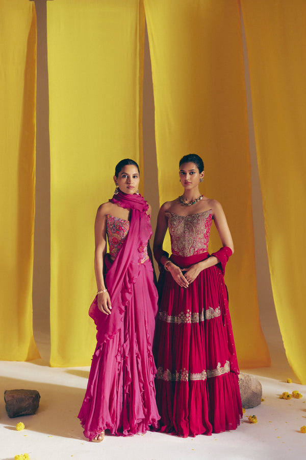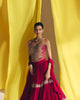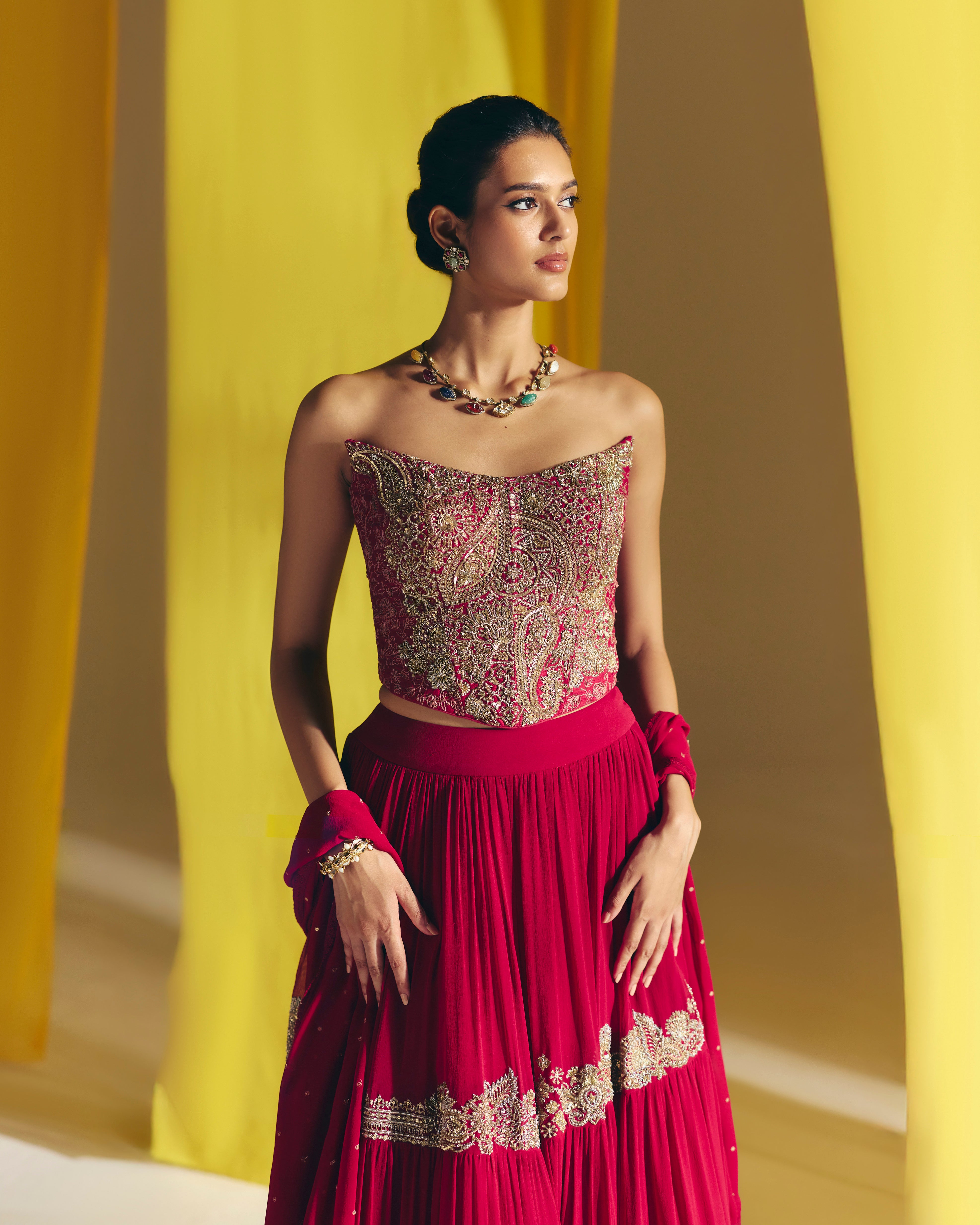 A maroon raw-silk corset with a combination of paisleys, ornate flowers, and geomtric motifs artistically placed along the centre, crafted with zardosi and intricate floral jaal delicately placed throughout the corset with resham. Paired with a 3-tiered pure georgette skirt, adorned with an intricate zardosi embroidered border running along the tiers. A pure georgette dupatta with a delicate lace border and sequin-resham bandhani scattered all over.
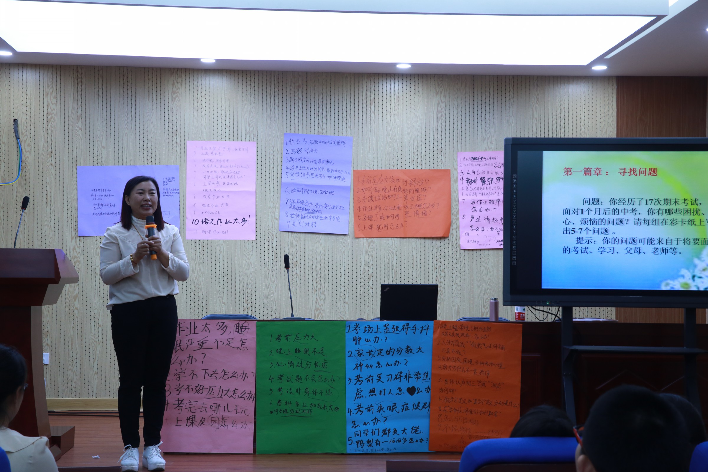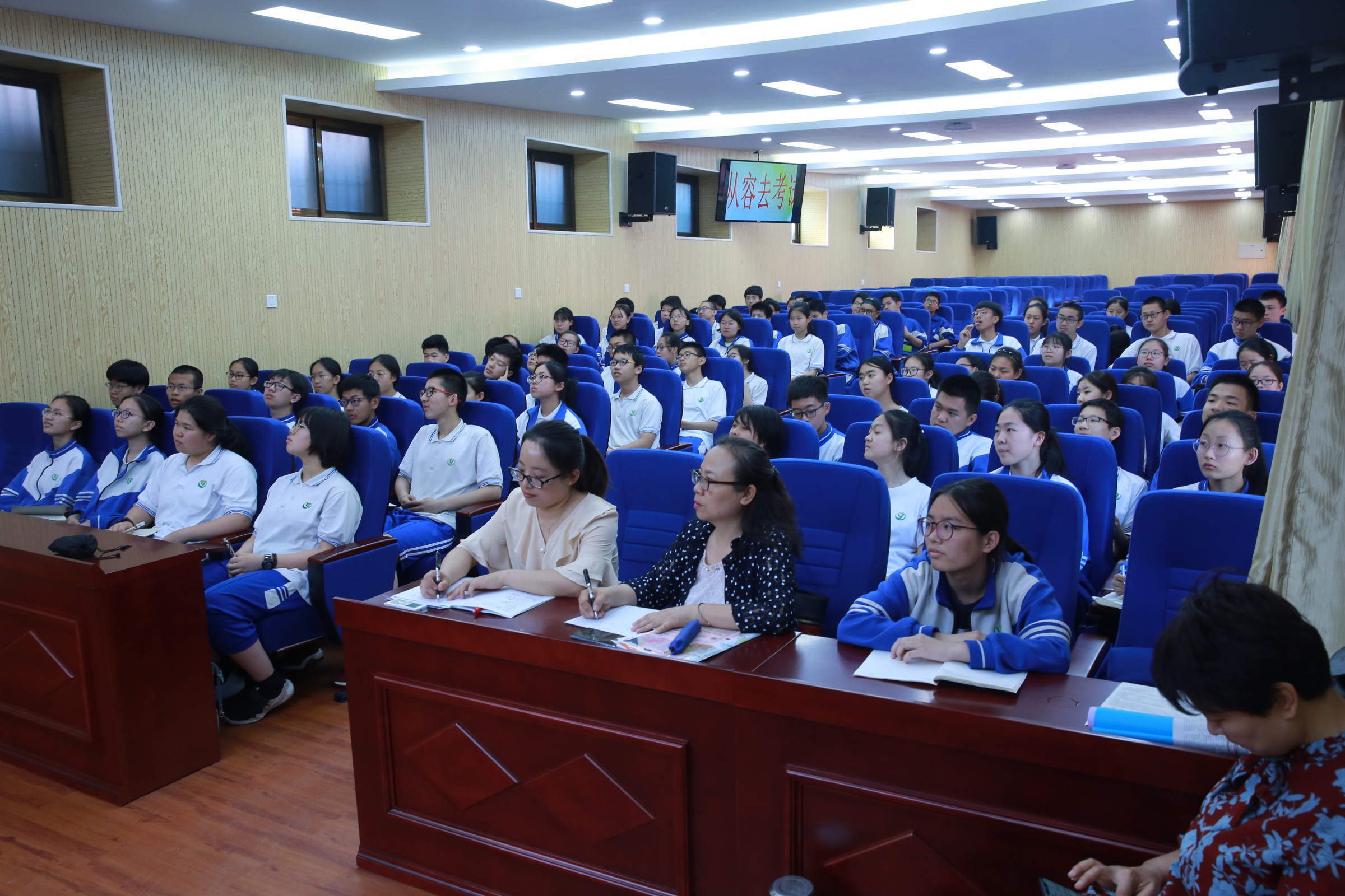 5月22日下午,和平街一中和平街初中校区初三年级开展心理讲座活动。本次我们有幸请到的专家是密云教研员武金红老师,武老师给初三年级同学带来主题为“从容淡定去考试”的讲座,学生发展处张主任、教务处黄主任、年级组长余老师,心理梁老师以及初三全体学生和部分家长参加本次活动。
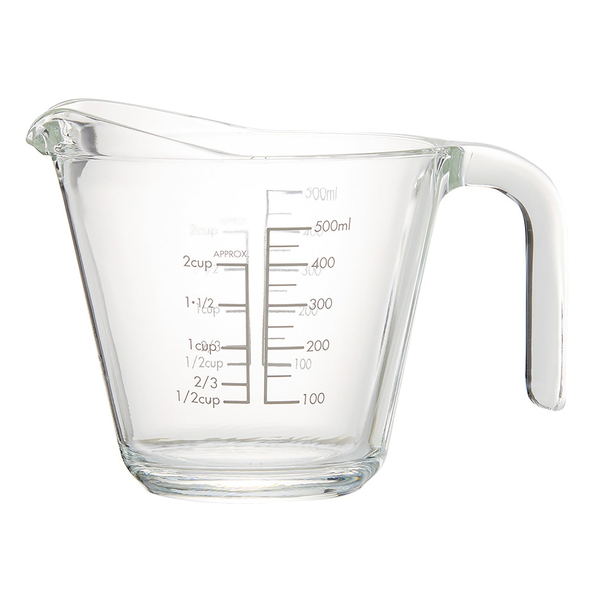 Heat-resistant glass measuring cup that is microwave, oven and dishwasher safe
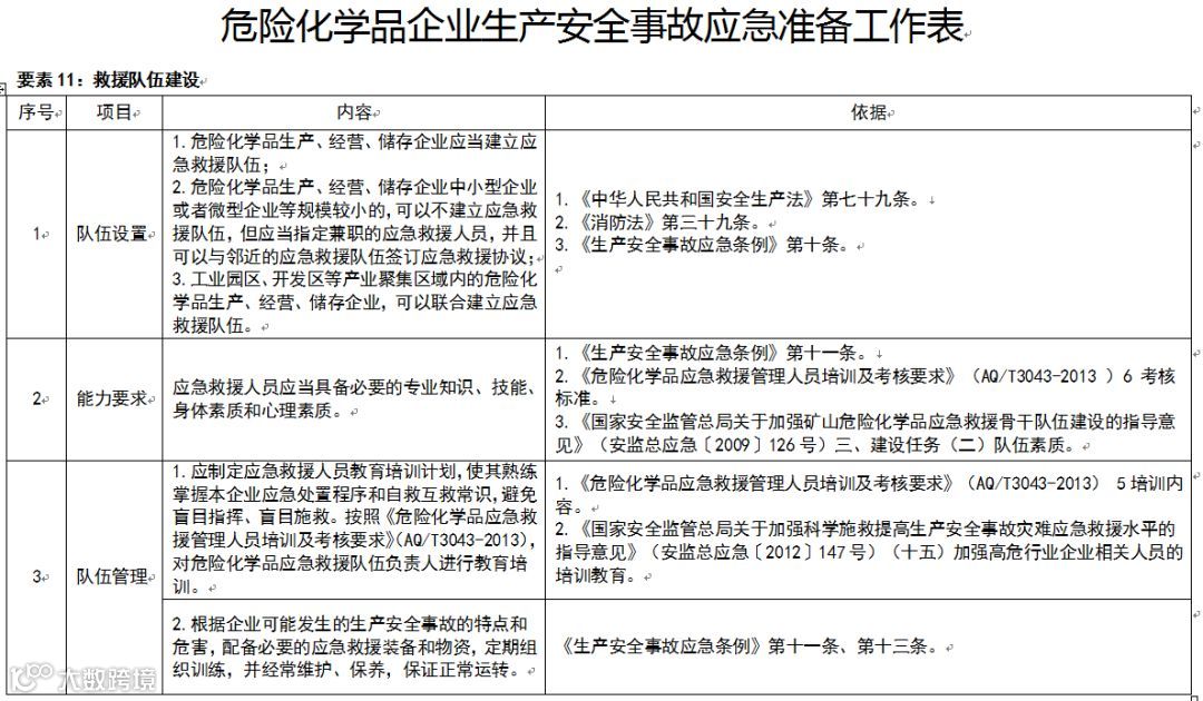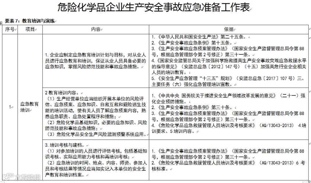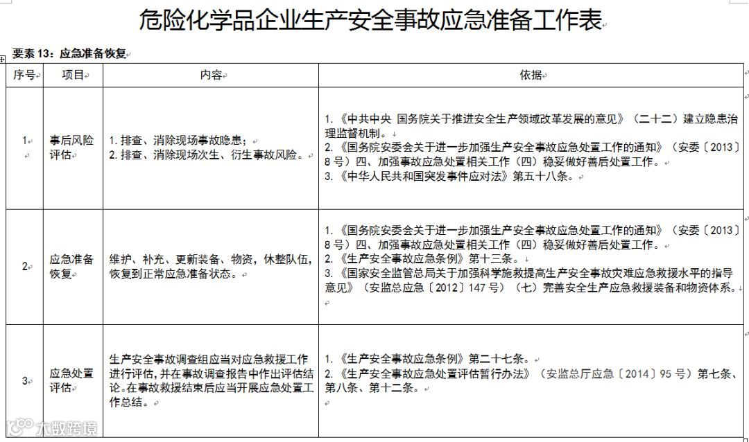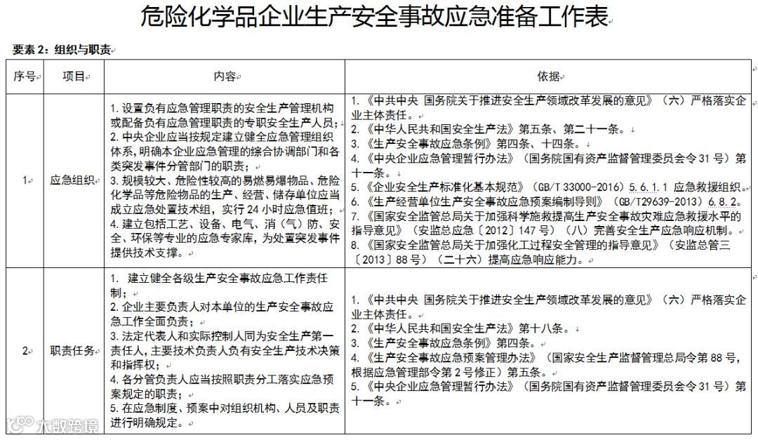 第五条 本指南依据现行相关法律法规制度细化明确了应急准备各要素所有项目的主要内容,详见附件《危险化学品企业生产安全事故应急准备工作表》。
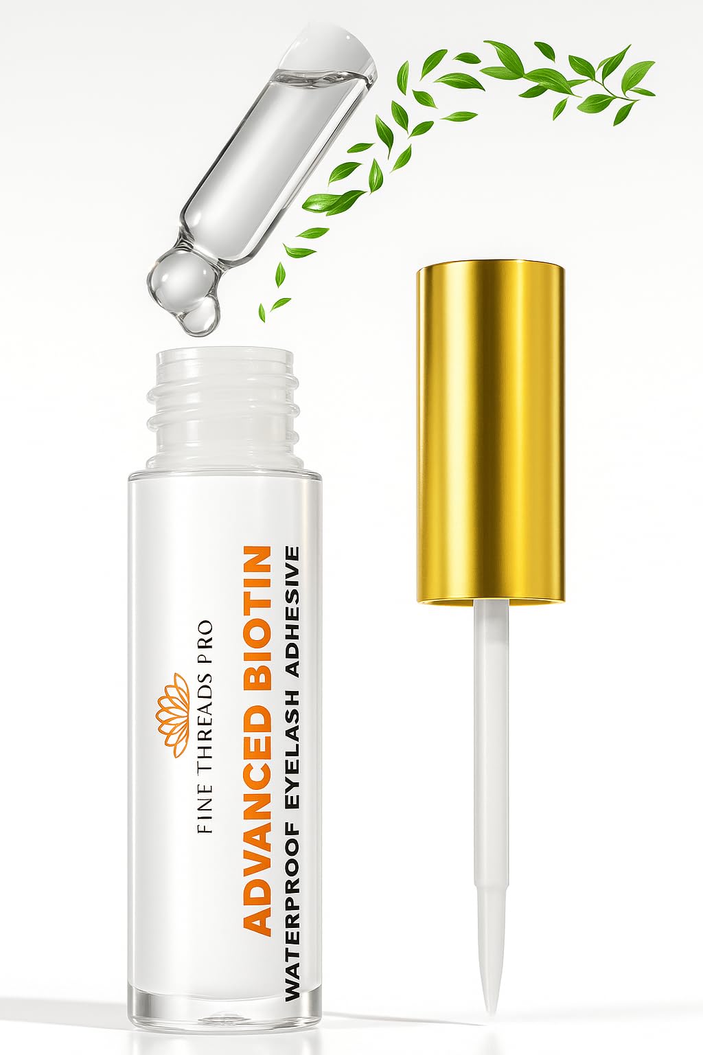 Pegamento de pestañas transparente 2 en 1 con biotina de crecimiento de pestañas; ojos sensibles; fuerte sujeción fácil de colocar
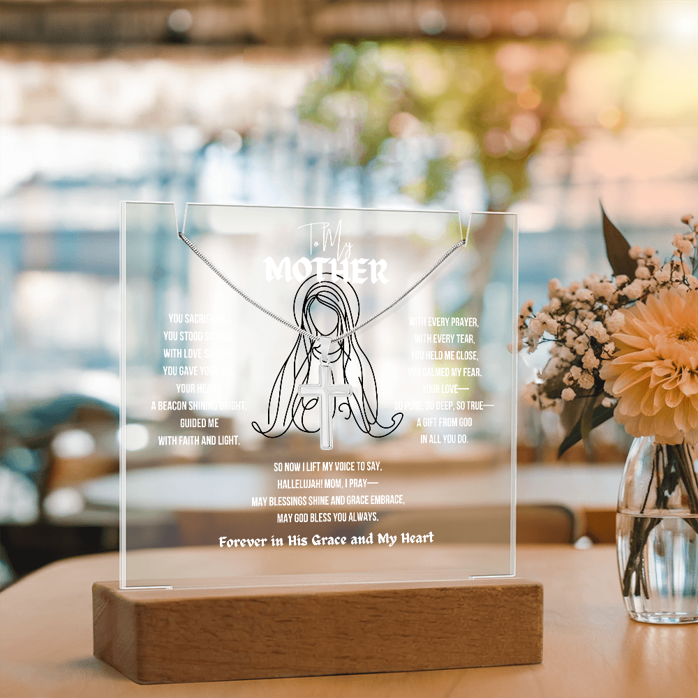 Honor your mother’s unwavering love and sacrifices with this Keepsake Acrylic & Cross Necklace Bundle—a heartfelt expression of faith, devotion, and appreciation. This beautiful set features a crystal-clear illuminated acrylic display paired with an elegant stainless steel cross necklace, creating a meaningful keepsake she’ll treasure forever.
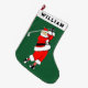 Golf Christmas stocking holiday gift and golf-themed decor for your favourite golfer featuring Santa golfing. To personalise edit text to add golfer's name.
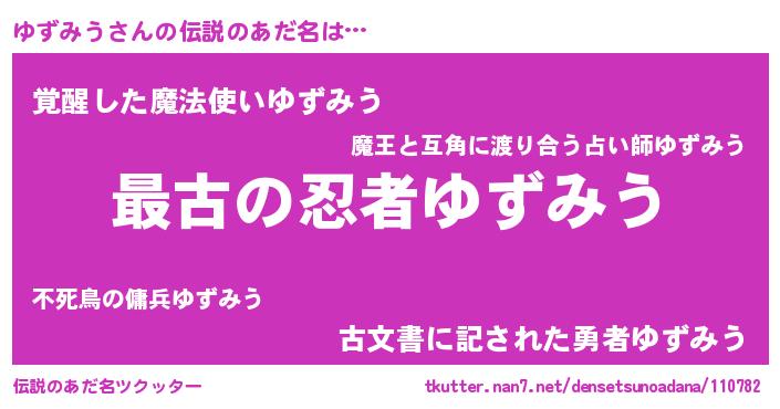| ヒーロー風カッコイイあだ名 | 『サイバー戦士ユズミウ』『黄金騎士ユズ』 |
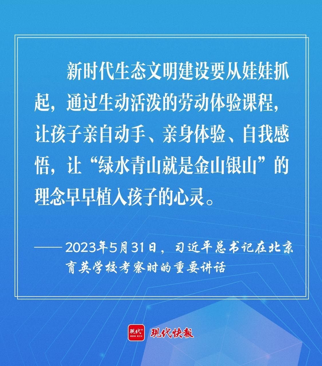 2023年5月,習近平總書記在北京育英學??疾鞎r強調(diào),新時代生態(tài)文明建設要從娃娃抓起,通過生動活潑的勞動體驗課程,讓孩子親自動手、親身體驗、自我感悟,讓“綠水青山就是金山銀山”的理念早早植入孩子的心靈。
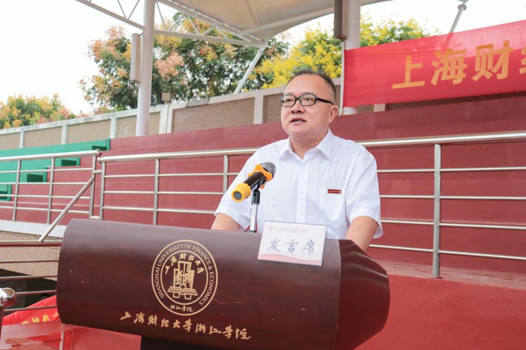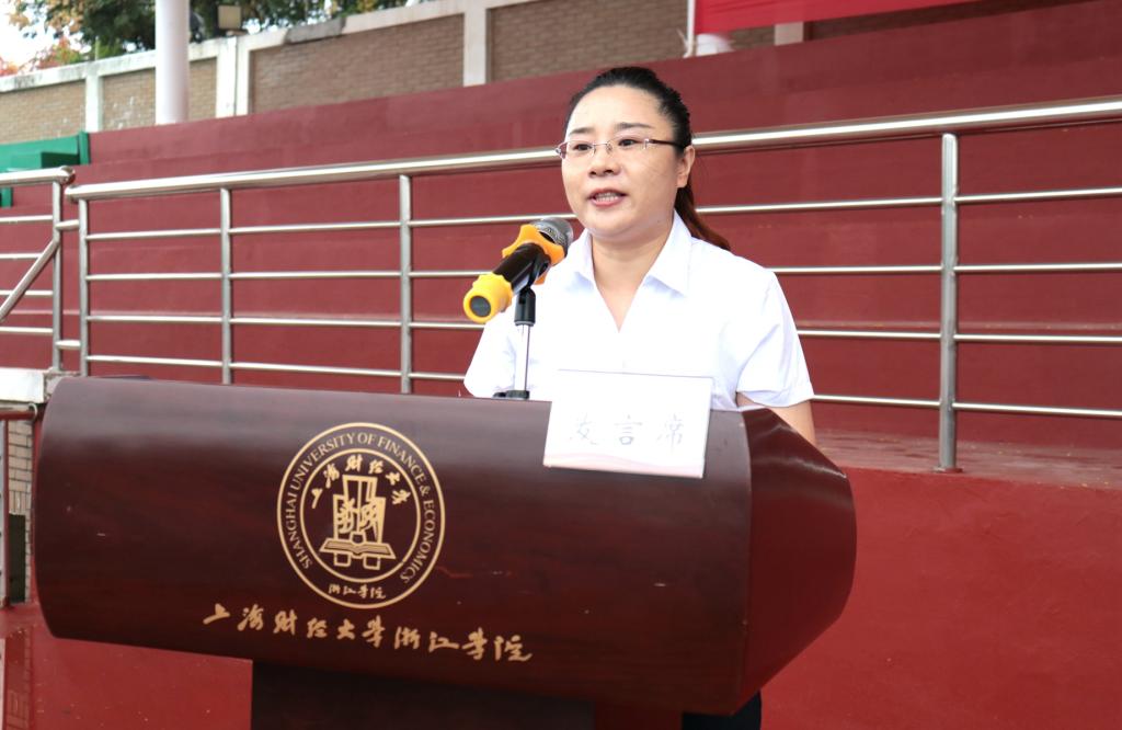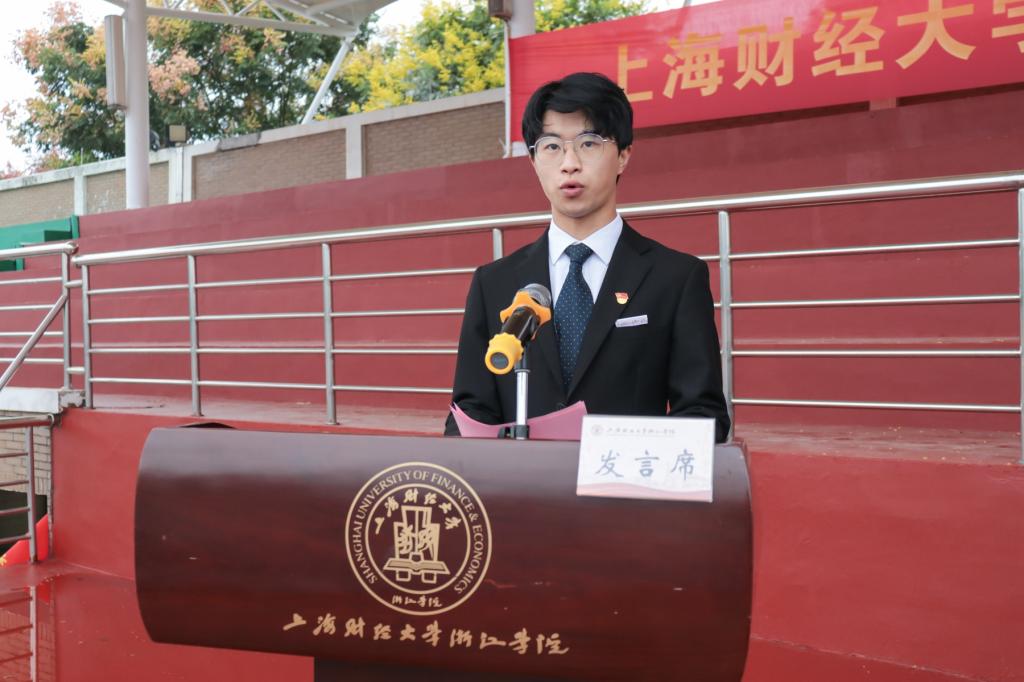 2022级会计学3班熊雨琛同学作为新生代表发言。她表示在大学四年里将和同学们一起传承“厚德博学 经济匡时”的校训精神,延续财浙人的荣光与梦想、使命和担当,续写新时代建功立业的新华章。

TASK OBJECTIVE:
Everything in the records above should be printed exactly, apart from the pictures.

COMPLETED EXERCISE:
 A maroon raw-silk corset with a combination of paisleys, ornate flowers, and geomtric motifs artistically placed along the centre, crafted with zardosi and intricate floral jaal delicately placed throughout the corset with resham. Paired with a 3-tiered pure georgette skirt, adorned with an intricate zardosi embroidered border running along the tiers. A pure georgette dupatta with a delicate lace border and sequin-resham bandhani scattered all over.
 5月22日下午,和平街一中和平街初中校区初三年级开展心理讲座活动。本次我们有幸请到的专家是密云教研员武金红老师,武老师给初三年级同学带来主题为“从容淡定去考试”的讲座,学生发展处张主任、教务处黄主任、年级组长余老师,心理梁老师以及初三全体学生和部分家长参加本次活动。
 Heat-resistant glass measuring cup that is microwave, oven and dishwasher safe
 第五条 本指南依据现行相关法律法规制度细化明确了应急准备各要素所有项目的主要内容,详见附件《危险化学品企业生产安全事故应急准备工作表》。
 Pegamento de pestañas transparente 2 en 1 con biotina de crecimiento de pestañas; ojos sensibles; fuerte sujeción fácil de colocar
 Honor your mother’s unwavering love and sacrifices with this Keepsake Acrylic & Cross Necklace Bundle—a heartfelt expression of faith, devotion, and appreciation. This beautiful set features a crystal-clear illuminated acrylic display paired with an elegant stainless steel cross necklace, creating a meaningful keepsake she’ll treasure forever.
 Golf Christmas stocking holiday gift and golf-themed decor for your favourite golfer featuring Santa golfing. To personalise edit text to add golfer's name.
| ヒーロー風カッコイイあだ名 | 『サイバー戦士ユズミウ』『黄金騎士ユズ』 |
 2023年5月,習近平總書記在北京育英學??疾鞎r強調(diào),新時代生態(tài)文明建設要從娃娃抓起,通過生動活潑的勞動體驗課程,讓孩子親自動手、親身體驗、自我感悟,讓“綠水青山就是金山銀山”的理念早早植入孩子的心靈。
 2022级会计学3班熊雨琛同学作为新生代表发言。她表示在大学四年里将和同学们一起传承“厚德博学 经济匡时”的校训精神,延续财浙人的荣光与梦想、使命和担当,续写新时代建功立业的新华章。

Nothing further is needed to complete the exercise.